Ministério de Minas e Energia (MME) abre consultas públicas que preveem a contratação de termelétricas fósseis, consideradas as mais poluentes. Anúncio marca a volta do carvão à agenda de leilões de energia no Brasil após 11 anos
Faltando 76 dias para a Conferência das Nações Unidas sobre Mudanças Climáticas (COP30), em Belém (PA), o governo federal reacendeu uma polêmica no setor energético ao publicar novas diretrizes para o Leilão de Reserva de Capacidade (LRCAP) 2026. A medida, oficializada, na última sexta-feira (22/8) pelo Ministério de Minas e Energia (MME), prevê a contratação de potência elétrica a partir de usinas movidas a gás natural, carvão mineral e óleo diesel, consideradas fontes fósseis de alta emissão de gases de efeito estufa.
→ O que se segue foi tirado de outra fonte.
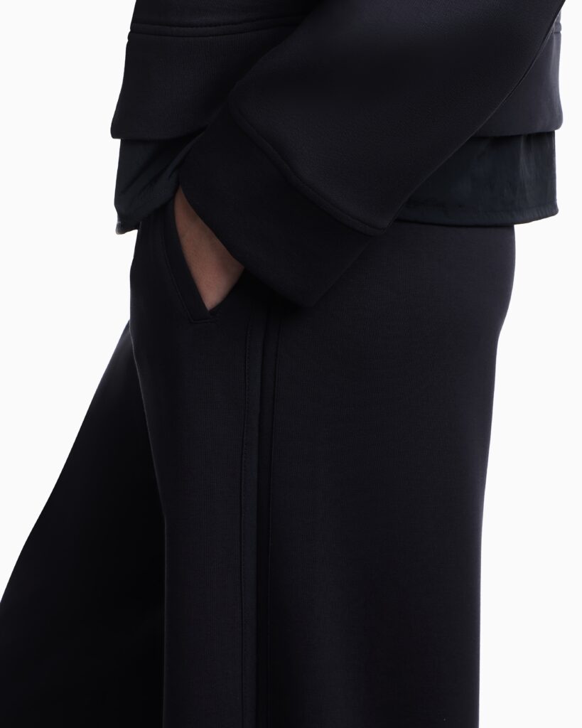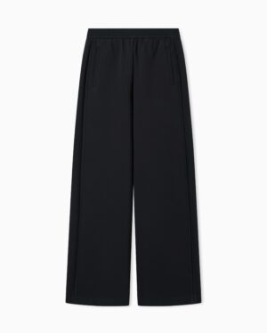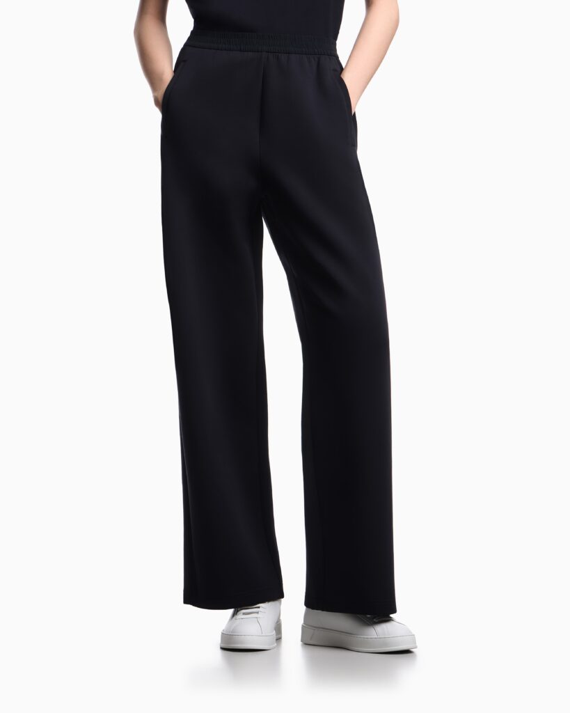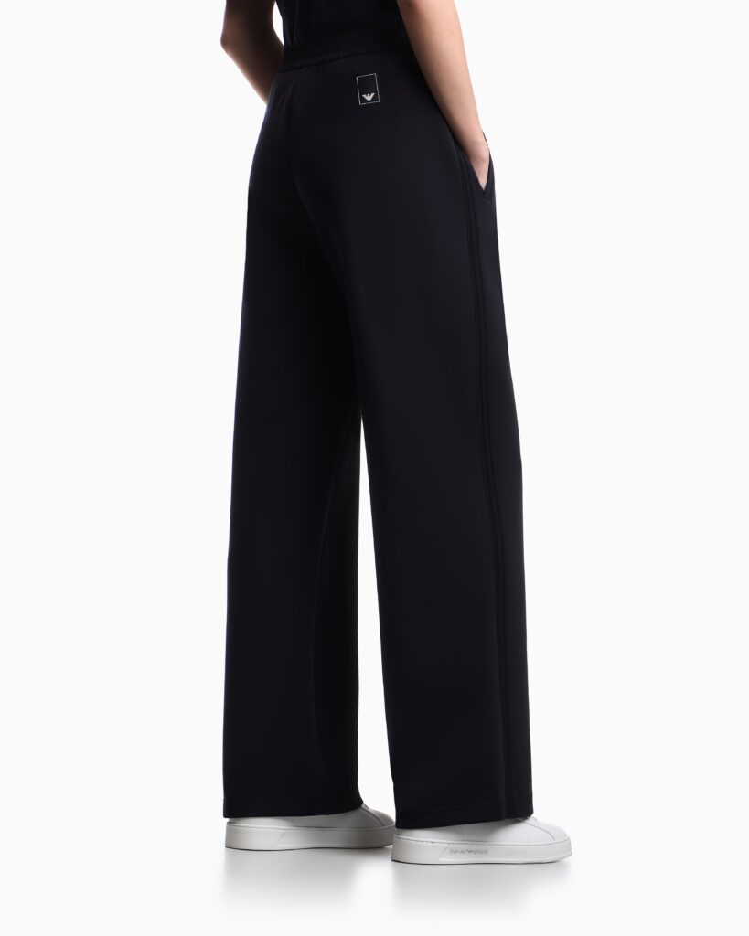Itāļu luksusa zīmola Emporio Armani tumši zilas sieviešu sportiskā stila bikses ar elastīgu jostasvietu no Travel Essential kolekcijas. Izgatavotas no blīva un elastīga kokvilnas maisījuma džersija auduma. Akcentētas ar kontrastējošu zīmola emblēmu mugurpusē.
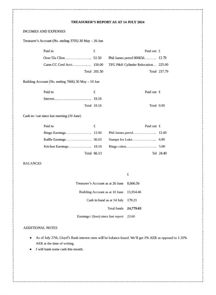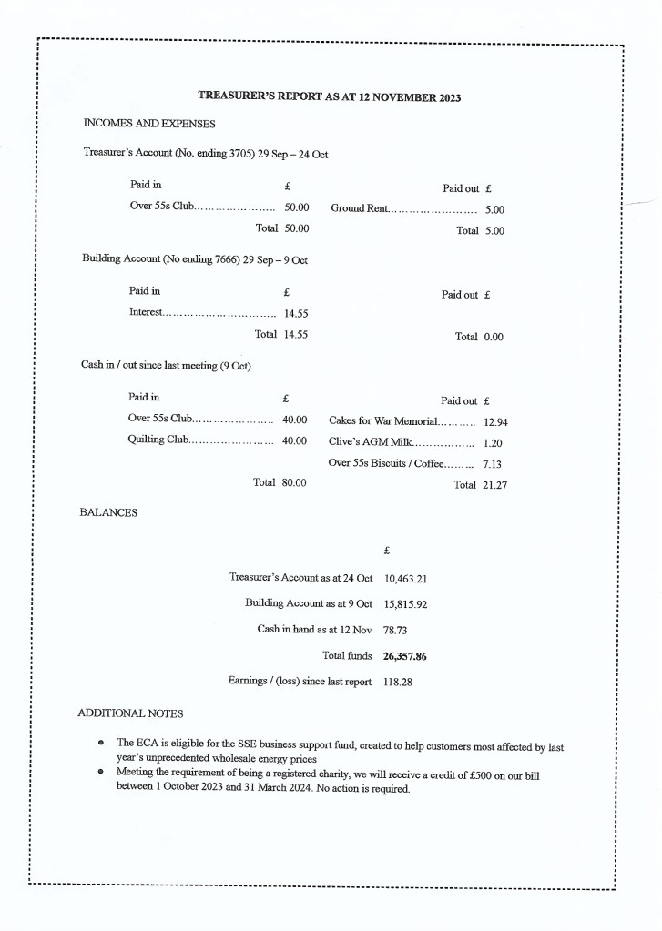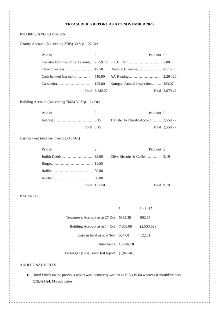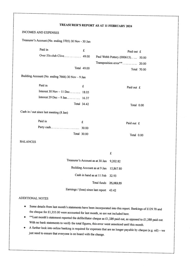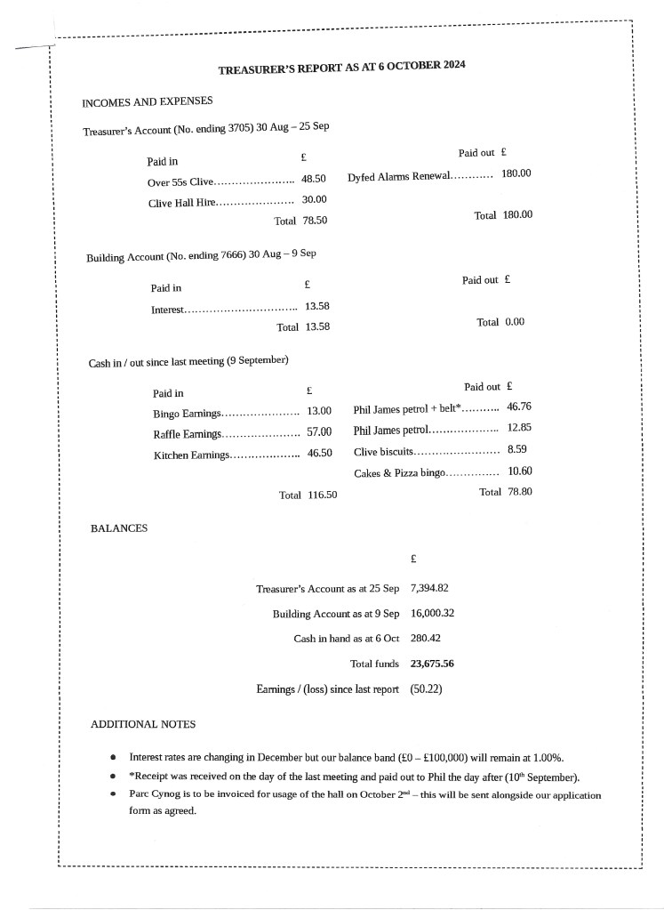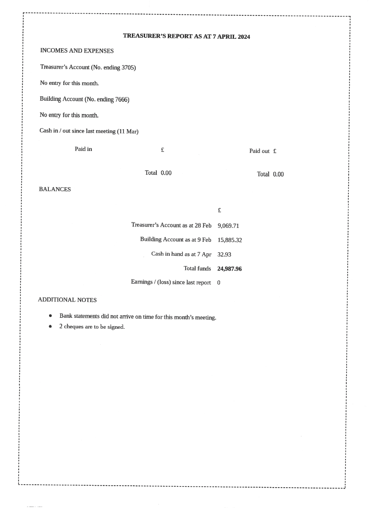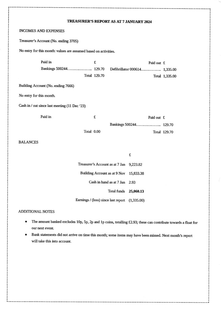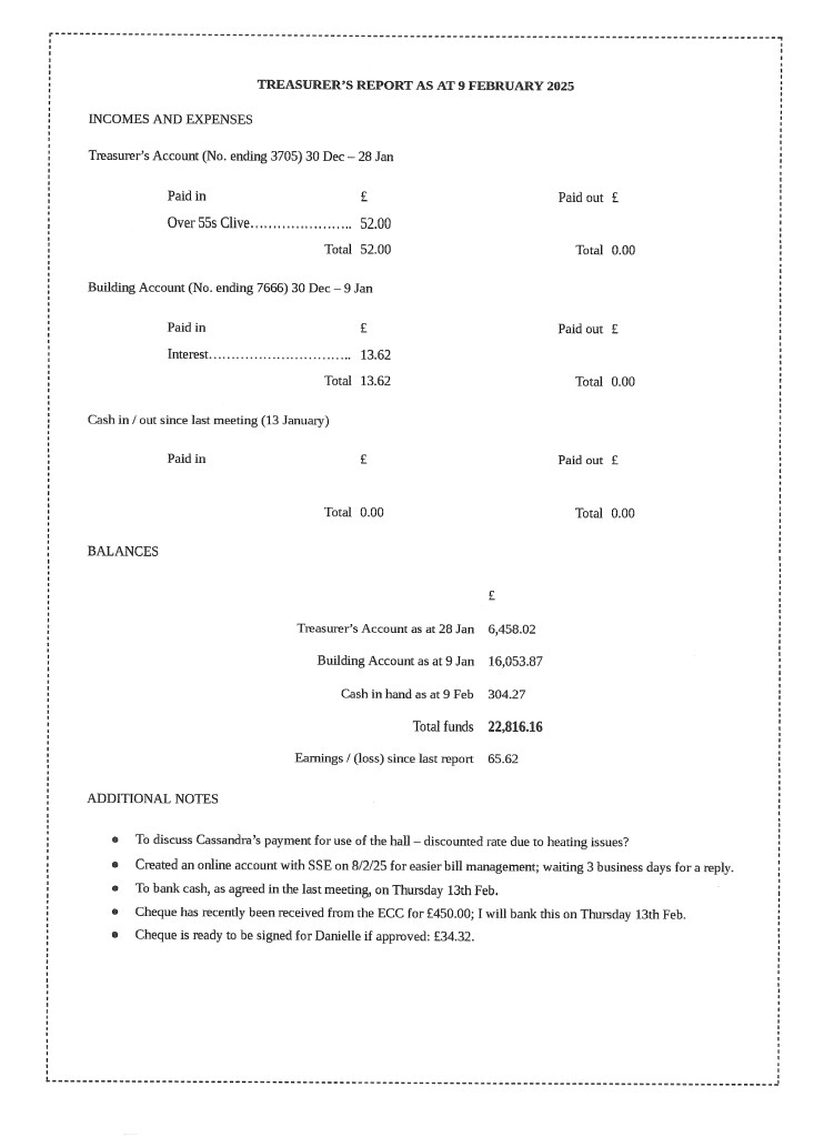 ADDENDUM: Balances were entered incorrectly on the treasurer’s report. Corrected balances are as follows:

A COP30 acontece de 10 a 21 de novembro.
O anúncio marca a volta do carvão à agenda de leilões de energia no Brasil após 11 anos. De acordo com dados do Instituto Internacional Arayara, a última contratação de uma térmica a carvão ocorreu em 2014, com a Usina Pampa Sul, em Candiota (RS). Desde então, o país vinha reduzindo gradualmente a participação dessa fonte na matriz elétrica por causa de seus impactos ambientais. A decisão do MME surpreendeu ambientalistas justamente em um momento em que o Brasil tenta se firmar como liderança global na transição energética.
O LRCAP 2025, que estava programado para acontecer em abril passado foi cancelado pela Justiça, após gerar forte reação de organizações de proteção ambiental, que levantaram questionamentos sobre os riscos e irregularidades no processo. Segundo o gerente de transição energética do Instituto Internacional Arayara, John Wurdig, aquele edital projetava emissões de até 1,11 gigatoneladas de CO2 até 2050, caso as usinas cadastradas entrassem em operação.
“Agora, com o LRCAP 2026, o cenário se torna ainda mais preocupante, uma vez que o edital inclui não apenas térmicas a carvão mineral, mas também aquelas a óleo diesel, o que dificulta até mesmo estimar o volume total de emissões adicionais”, afirmou.
Entre os críticos, a percepção é de que o novo leilão beneficia diretamente a UTE Candiota III, localizada no Rio Grande do Sul. O empreendimento acumula mais de R$ 200 milhões em multas aplicadas pelo Ibama, enfrenta questionamentos na Justiça Federal e chegou a ter a operação suspensa pela Agência Nacional de Energia Elétrica (Aneel) em 2024, devido a falhas técnicas e ambientais.
Apesar desse histórico, a usina voltou a receber repasses milionários da Conta de Desenvolvimento Energético (CDE), recurso pago pelos consumidores brasileiros. Somente em junho e julho deste ano, mais de R$ 26 milhões foram transferidos à empresa Âmbar Energia, controlada pelo grupo J&F Investimentos, para manter a produção e a comercialização de energia.
Wurdig denuncia que a inclusão da consulta aponta para um beneficiamento direto da UTE Candiota. “O Brasil não tem novos projetos de licenciamento ambiental de usinas a carvão em andamento. Essa inclusão parece uma manobra para contemplar a UTE Candiota III”, alertou.
O Correio procurou o Ministério de Minas e Energia e a Âmbar Energia, pertencente ao grupo J&F Investimentos, controladora também do grupo JBS, mas até a publicação desta matéria não obteve retorno. O espaço segue aberto para manifestação.